Projects

Fall 2018

Intuit Text Summarization Consulting Project | Machine Learning @ Berkeley

Along with a few other members of ML@B, I am currently working on a consulting project for Intuit with the goal being to help them effectively summarize internal documents using various ML algorithms. The idea is that through summarization one can efficiently access, organize, and understand large documents.

We began the project early September by conducting literature review to gain a better understanding of how we could approach our task. Although, we were unable to access to the companies internal dataset, our points of contact at Intuit suggested that we use NYT Annotated Corpus and the CNN/Daily Mail datasets. After reading numerous papers, I spent a few weeks parsing and analyzing the data from the two sources. Additionally I used Word2Vec to generate word embeddings for the words in the data.

My next task was to implement SummaRuNNer a state of the art model described here. Using TensorFlow I was able to fully implement the model and both the extractive and abstractive methods of training. The project is on schedule to complete by the end of November.

This Website!

I am a member of the Web Development Committee of the Regents' and Chancellor's Scholar Association at Berkeley. As a new member on the committee I learned essential HTML/CSS skills and applied them in creating this personal website.

Summer 2018

Inspired by the neural network implemenation I created in the Spring, I decided to further explore the area by implementing other more complex ML models entirely from scratch. My goal was to fully understand the theory behind these models and for this I felt nothing was better than implementing it on my own. Along the way I created corresponding library implementations using either TensorFlow or scikit-learn to compare the efficiency and performance of the models.
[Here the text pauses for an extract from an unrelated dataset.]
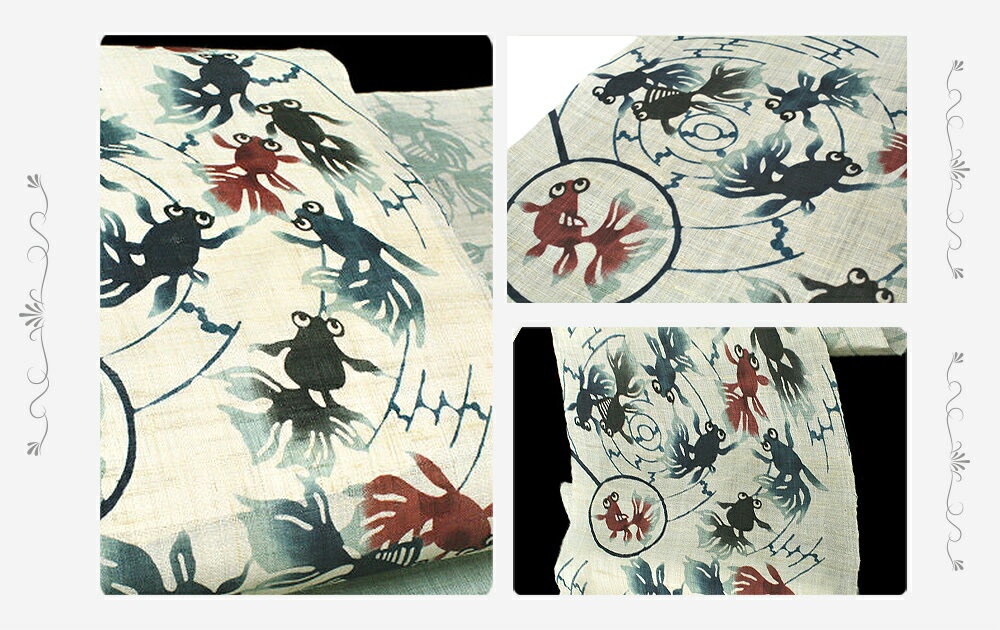 栗山吉三郎 名古屋帯 栗山紅型 和染紅型 紅型染 浅青緑色 水色 エメラルドグリーン 金魚 きんぎょ 金魚すくい 出目金 九寸 麻 手積み 手織り 夏物 新品 未仕立て お洒落着 カジュアル かわいい おしゃれ かっこいい 粋 モダン 涼しい 透け感 東京紅型 江戸紅型 本紅型 琉球紅型 受注生産 No.88-1570 サイズ表 サイズ cm 仕立て可能長さ 〜375cm 幅 通常 ※お仕立ての際、ご希望の寸法がある場合は注文時に必ずご指定ください。

English Text Generation using Recurrent Neural Networks and LSTM’s

One of these projects to generate English Text by implementing and training various neural models. I began by implementing a Reccurent Neural Network from scratch which accepted characters as input and at each time step outputted a probability distribution for the next character. I trained this model using a large dataset of words, and was excited to see the model learning the syntactic regularities of English words and generating strings that phonetically made sense.

Link to RNN from scratch

I took the project one step further by using TensorFlow to implement a more powerful LSTM model. With its greater capability to retain long-term dependencies, I decided to use this model to generate entire passages of text as opposed to single words. I trained the model using a full-length novel and found that it could generate passages that almost seemed as if they could have been from the book.

Link to TensorFlow LSTM

Image Classification using Convolutional Neural Networks

In this project I explored another very popular architecture Convolutional Neural Networks in the context of image classification. Again I began by implementing this model from scratch. Learning the theory behind the architecture, I was able to understand how the model could develop a sense of spatial understanding and robustness. I applied the model I created to the commonly used benchmark dataset MNIST and found that it could classify digits at a high level of accuracy.

Link to CNN from scratch

Next, I used TensorFlow to implement a deeper model, and used it for the same image classification task, but this time on the more complex CIFAR-10 dataset. Of course, this implementation was more efficient, but I found that my earlier implementation allowed me to truly understand what was happening behind the scenes.

Link to TensorFlow CNN

Breast Cancer Diagnosis based on various numerical nuclear features

This project was based upon a dataset I found on Kaggle that provided various numerical features for different cases of cancer as well as whether the cancer was benign or malignant. I aimed to predict malignant or benign based on the features supplied in the dataset. In this project I experimented with a number of different ML model implementations. I created both a decision tree and random forests algorithm from scratch and compared it with my own implementation of a vanilla neural network.

Link to Code

Titanic Data Analysis and Visualization

This is another project I based of a dataset from Kaggle. The dataset provided numerous characteristics of passengers aboard the Titanic as well as whether or not the passenger survived the disaster. In this project I work with the data in a number of different ways. I visualize different correlations, engineer new features, clear out missing data, and more.

Link to Code

Spring 2018

Implemenation of a Feed-Forward Neural Network

During Summer 2017, I learned the theory and mathematics behind basicneural networks—from the network architecture to the backpropogation algorithm that allowed the model to learn optimal weights.

This Spring I completed a Coursera course on Neural Networks for Machine Learning and the final project was to an elementary Feed-Forward Neural Network from scratch that involved an input layer, a hidden layer, and one softmax output layer. The framework of the program was supplied, but I had to program the actual logic from scratch.

FIRST Robotics Competition Game Score Predictor

I participated in FIRST Robotics for 7 years, but every year I learned something new and applied my knowledge in different ways. This is a project I worked on during my final year which aimed to predict the scores of future matches and thus streamline the process for selecting alliance partners during the playoff stage of the competition.

The model itself was a neural network implemented using Tensorflow which aimed to predict the match score given the participating teams and various statistics. Various techniques were used to improve performance in training and usage from regularization methods such as dropout and weight penalties to training tehcniques such as momentum and mini-batch learning. Ultimately we were able to provide significant insight into the result of the match before it actually took place.